Pero si traemos la referencia a los sobrevivientes es porque quienes atravesaron por las impensadas experiencias concentracionarias hoy nos pueden orientar en algunas cuestiones, incluso dentro de los debates del feminismo: ¿Qué significa y qué consecuencias tiene para una persona asumir la posición de una víctima?, ¿y cuáles la de testigo?; ¿cuál es la diferencia determinante para una víctima entre tomar la palabra en un dispositivo sujeto a derecho que en otros ámbitos?; ¿qué estamos diciendo cuando sostenemos que la víctima habla cuando puede y no cuando quiere?[1]

También advertimos del desdoblamiento que existe en torno a las víctimas de esas experiencias cuando un gran caudal de ellas son mujeres sobrevivientes, compelidas desde hace casi 50 años a demostrar que han sido víctimas de crímenes insospechados; algunos de ellos ni siquiera son tipificables, por lo tanto quedan descartados del universo probatorio injustamente. Pero en la justicia no entra todo, en este sentido es un universo absolutamente administrado por la técnica.

Es evidente que los medios no son el lugar más indicado para un acto tan serio, porque desde allí aún nadie dio lugar a la palabra de ninguna víctima, solo se habla por ella, sin cesar.

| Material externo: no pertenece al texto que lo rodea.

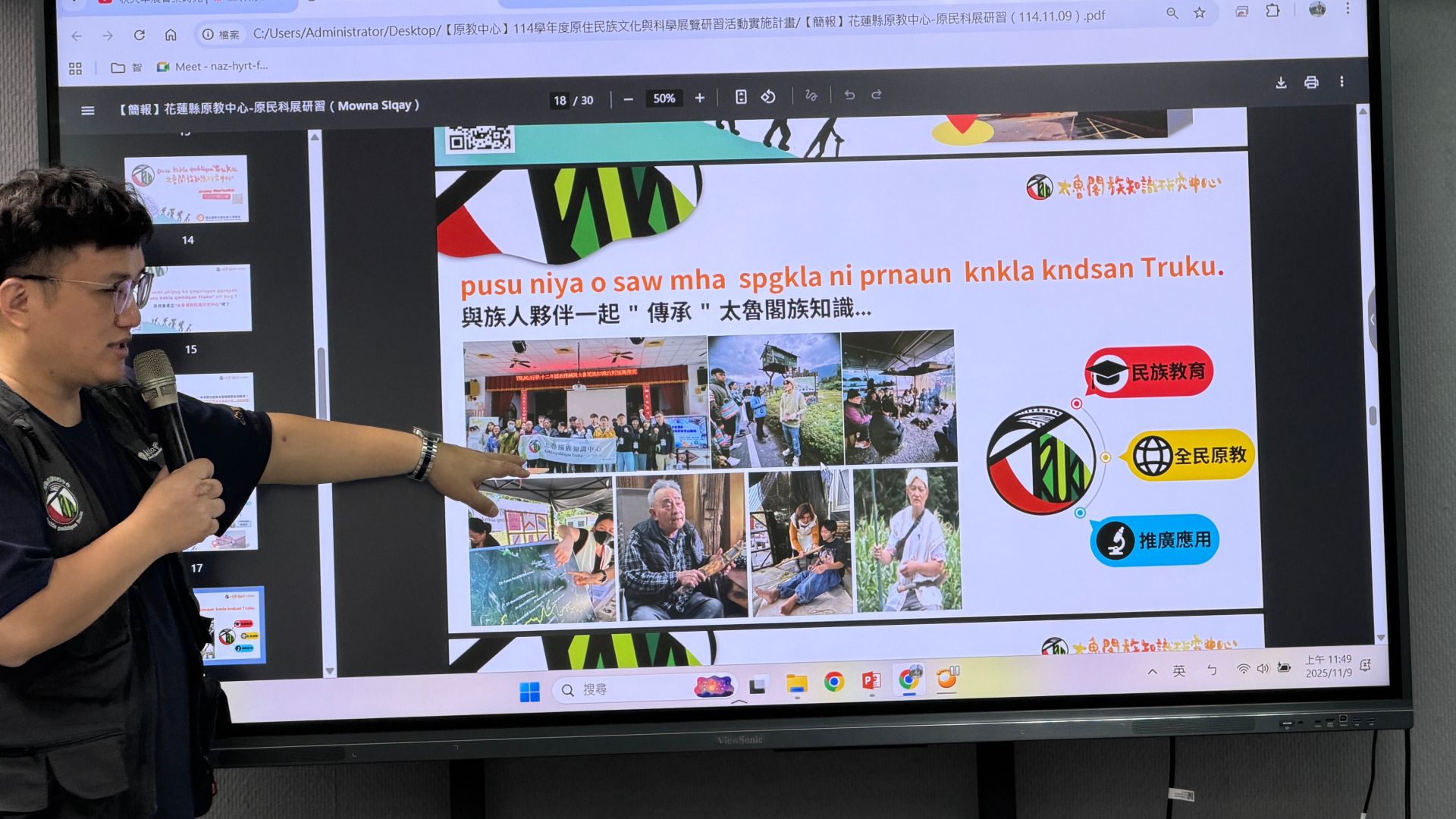 花蓮縣政府教育處114年持續推動原住民族文化與科學教育深化工作,11月9日於教育處課程發展中心辦理「原住民族文化與科學展覽研習活動」,吸引縣內國中小教師參與。研習以「文化 × 科學」為核心,融入部落生活經驗、資訊科技應用與科展探究能力,協助教師掌握如何將傳統知識轉化為科學課程素材,提升原住民族學童的科學素養與文化認同。活動由太魯閣族原住民知識中心蘇浩平老師及花蓮高農林瑞祥老師授課,引導教師從文化觀點切入,建立具文化深度的探究視角。
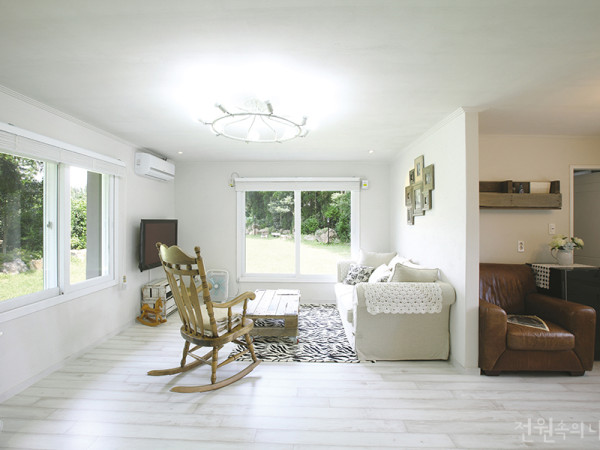 제주에는 게스트하우스만큼이나 독채 렌탈하우스도 늘어나고 있다. 동남아 휴양지나 리조트에서처럼 프라이빗한 시간을 보내고자 하는 여행객들이 많아졌기 때문이다. 과수원 깊숙이 자리해 주변의 시선이 완벽하게 차단되는‘제주명월’은 낡은 창고를 리모델링한 이색 렌탈하우스다. 취재 정사은 조고은 사진 변종석▲ 오래 사용한 듯 손때 묻어 편안한 가구로 꾸며진 제주명월의 거실 풍경 제주로 귀촌하는 이들이 많아지면서 낡은 농가도 품귀현상을 겪고 있다. 하지만 섬 구석구석 자세히 살펴보면 아직 알짜배기 땅들이 숨어 있다. 2년 전 제주행을 결심한 부부디자이너 이명헌, 현수진 씨는 자신들의 생각과 딱 맞아 떨어지는 이 공간을 발견하고 그 자리에서 계약했다. 오래된 벽돌 창고 건물과 고요한 주변 풍경은 ‘프라이빗 렌탈하우스’ 콘셉트에 제격이였다. 일선에서 왕성하게 활동하고 있는 젊은 디자이너 부부에게 무(無)에서 유(有)를 만들어내는 작업은 늘상 해오던 일이었다. 디자인은 예술과 달라 소비를 유도하는 데 목적이 있기에 구매자의 심리에도 밝은 그들이었다. 여행객의 니즈를 파악하고 그들에게 어필할 만한 공간을 만드는 ‘인테리어’역시 그리 어려운 일은 아니었다. 겨울에도 영하로 떨어지는 날씨가 거의 없는 제주도에서, 그것도 남쪽 서귀포시 근방이기에 이곳은 사시사철 푸르다. 이는 곧 내륙지방에서만큼 단열에 신경 쓰지 않아도 된다는 얘기다. 창고는 이전 건축주가 주거용으로 한 번 손을 본 터라 구조변경이나 단열은 크게 걱정하지 않았다. 부부는 이곳을 찾는 숙박객에게 마치 카페에 온 듯한 느낌을 선사하고자 주택에서는 쉽게 구현하기 어려운 ‘화이트 빈티지’를 콘셉트로 잡았다. 필요한 가구는 빈티지숍에서 발품을 팔아 구입해 한꺼번에 컨테이너로 실어 날랐고, 주택의 낡은 분위기도 최대한 살려 오히려 구옥의 멋으로 연출했다. ▲ 2차선 지방도에 면해 있는 제주명월은 넉넉한 주차공간과 넓은 마당, 그리고 마당 안쪽의 외부 키친으로 구성되어 있다. ▲ 오랜 세월 빛바랜 효과를 더하기 위해 화이트 빈티지 콘셉트로 외벽을 페인트칠했다. 꼼꼼히 메우기보다는 드물드문 붉은색 벽돌이 비치게끔 칠한 것도 디자이너의 의도다. ▲ 현관으로 들어오면 거실과 홈바, 그리고 두 개의 방이 펼쳐진다. 빈티지 전신 거울 또한 고재조각을 이어붙여 테두리를 장식한 독특한 제품이다. INTERIOR SOURCES 내벽마감 : 핸드코트 작업 & 벤자민무어 친환경페인트 바닥재 : 구정마루 강마루 수전 등 욕실기기 : 계림 주방가구 : 한샘 조명 : 빈티지 ▲ 기성품과 수제품을 적절히 섞어 배치한 것이 인테리어의 키포인트다. 조명과 소파, 고재로 만든 빈티지 좌탁이 잘 어우러져 아늑한 거실풍경을 연출한다. 컨테이너 내부 또한 빈티지 콘셉트로 꾸몄는데, 자세히 살펴보면 SMEG 냉장고와 한샘 맞춤형 싱크대 등 디자인과 기능을 모두 만족시킬 수 있는 제품들로 구성되어 있다. ▲ 풀이 무성하던 건물 뒷편 나대지에 컨테이너와 데크를 설치하고 아기자기한 인테리어 소품을 더해 주방과 식당을 만들었다. 서너평 남짓한 컨테이너 하우스는 현장에서 조립한 거주용 제품이다. ▲ 화이트톤의 강마루로 바닥을 마감하고 벽면은 조명에 따라 언뜻 음영이 비치는 핸디코트로 마감했다. 원래 집의 모든 창과 문은 갈색 PVC재질이었다고. 깨끗이 닦은 후 하얀색 페인트로 칠하는 고된 작업을 거치고 나니 집의 콘셉트와 잘 어울리는 하얀색 창이 완성됐다. PLAN◀ 자그마한 공간에서도 아기자기한 소품과 깔끔한 컬러로 이색적인 감성을 전달한다. 현관의 하얀 커튼은 심리적으로 깨끗하다는 느낌을 준다. ▶ 빈티지 인테리어에서 자주 쓰이는 영국 성조기를 욕실 포인트 아이템으로 설치했다. ▲ 제주명월의 소품은 모두 부부가 발품 팔아 고른 것들이다.본동은 4명이 묵을 수 있는 안락한 거주공간으로 만들고, 키친과 다이닝룸은 본동과 분리해 집에서 풍기는 생활의 번잡함을 덜어냈다. 건물 뒤편으로 주거용 컨테이너를 설치해 꾸미는 작업에만 5개월이 걸렸다. 페인트칠과 벽면 핸드코트 작업도 마다하지 않고 부부가 직접 품을 들여 제주명월이 완성됐다. 집의 안쪽에는 고재(高材)로 장식된 전신 거울을 중심으로 크게 왼쪽의 거실 및 홈바와 오른쪽 두 개의 방으로 나뉜다. 최대 수용인원을 4명으로 잡은 이유는 그 이상의 숙박객이 묵었을 때의 쾌적성을 보장할 수 없기 때문이다. 조용한 휴식을 위한 공간인 만큼 사람들이 이곳에 머무는 동안 보여주는 태도도 매우 점잖다는 것이 부부의 설명이다. 젊은 디자이너의 감각이 버무려진 이곳에서 보내는 휴가는 지친 도시사람들에게는 꿈같은 시간일 것이다. ◎제주 서귀포시 색달동 http://jeju-myongwol.com, 010-5229-9355 ※ 월간 <전원속의 내집> www.uujj.co.kr 본 콘텐츠의 저작권은 (주)주택문화사에 있으며, 이를 무단 이용하는 경우 저작권법 등에 따라 법적책임을 질 수 있습니다.
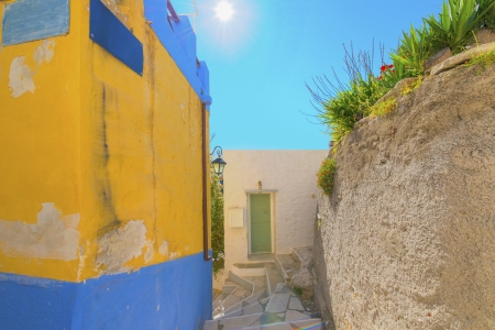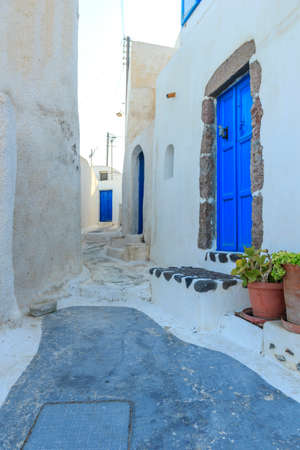 Street in Mandraki village on Nisyros island in Dodecanese island group, Greece.
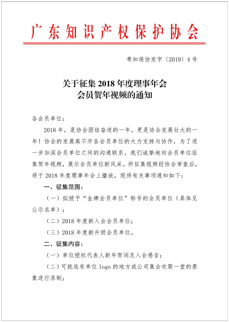 粤知保协发字〔2019〕4号-关于征集2018年度理事年会会员贺年视频的通知
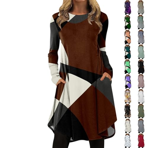Early Now Holiday Dresses for Women, Empire Waist Classy Winter Dress for Womens Long Sleeve Office Crewneck Cotton Evening Dresses Loose Fit Print Pocket Comfortable
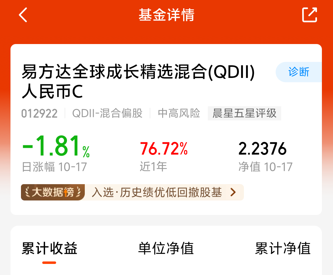 大A和港股今天整体涨了不少,大科技板块回暖上涨,美股昨夜也涨了不少,近期全球市场回暖,单一市场风险还是挺大的,我准备多元化投资,分散风险,易方达全球成长精选混合C持仓可投全球科技板块,美股、港股和A股都能投,近一年涨了76.72%,业绩不错,看好这个方向,我准备分批上车!

La mayoría de estas mujeres tomaron la decisión de pasar por estos dispositivos que, muchas veces, también las revictimizan –otro significante que circula livianamente por los medios–, dado que asumen la complejísima relación entre el saber y la verdad, entre la (in)creencia y la justicia, soportando la tensión entre las pruebas objetivas que la justicia exige y los retornos subjetivos de todo acontecimiento traumático.

En una declaración testimonial habita una verdad objetiva y una verdad subjetiva que debe tener lugar para que el testimonio se produzca. Esa decisión es ética y siempre bajo la exigencia de que su palabra tome valor de verdad a partir de encarnar sus dichos, dejarse tocar por la ley y, a su vez, tocar el muro impenetrable de la ley objetiva, para garantir un escenario que ponga a las víctimas y sus victimarios en el contexto del rito jurídico, porque de este modo se sale de la imaginarización dual de uno contra otro, de una palabra contra otra, a la que intentaron apelar muchas veces los responsables.

Y, sobre todo, ellas han consentido a pasar por allí dado que cada testimonio en la justicia produce una sentencia que relata un fragmento de lo ocurrido, dejando un legado ante la sociedad.

Sería importante que los acontecimientos traumáticos que se desplieguen en el entramado social, poniéndonos a hablar a todas/os, nos interpelen en este cruce entre los derechos humanos, la política, la ética deseante y los feminismos como en este caso, dado que el nuevo sujeto político del feminismo debe sostener con responsabilidad los significantes ganados. Y, como vemos, hablar, dar testimonio, denunciar la violencia, implica el anudamiento de múltiples decisiones éticas para que la víctima no quede hablando sola o solo sea hablada por otros discursos.

* La autora es fundadora y exdirectora del Centro de Asistencia a Víctimas de Violaciones de Derechos Humanos “Dr. Fernando Ulloa”, de la Secretaría de Derechos Humanos de la Nación.


[1] Al respecto, cabe destacar que, precisamente, fue desde el Centro Ulloa que logramos impulsar el primer protocolo dirigido al Poder Judicial para la toma de testimonios, donde partíamos de la confirmación de que a las víctimas se les cree y allí fundamentábamos los motivos.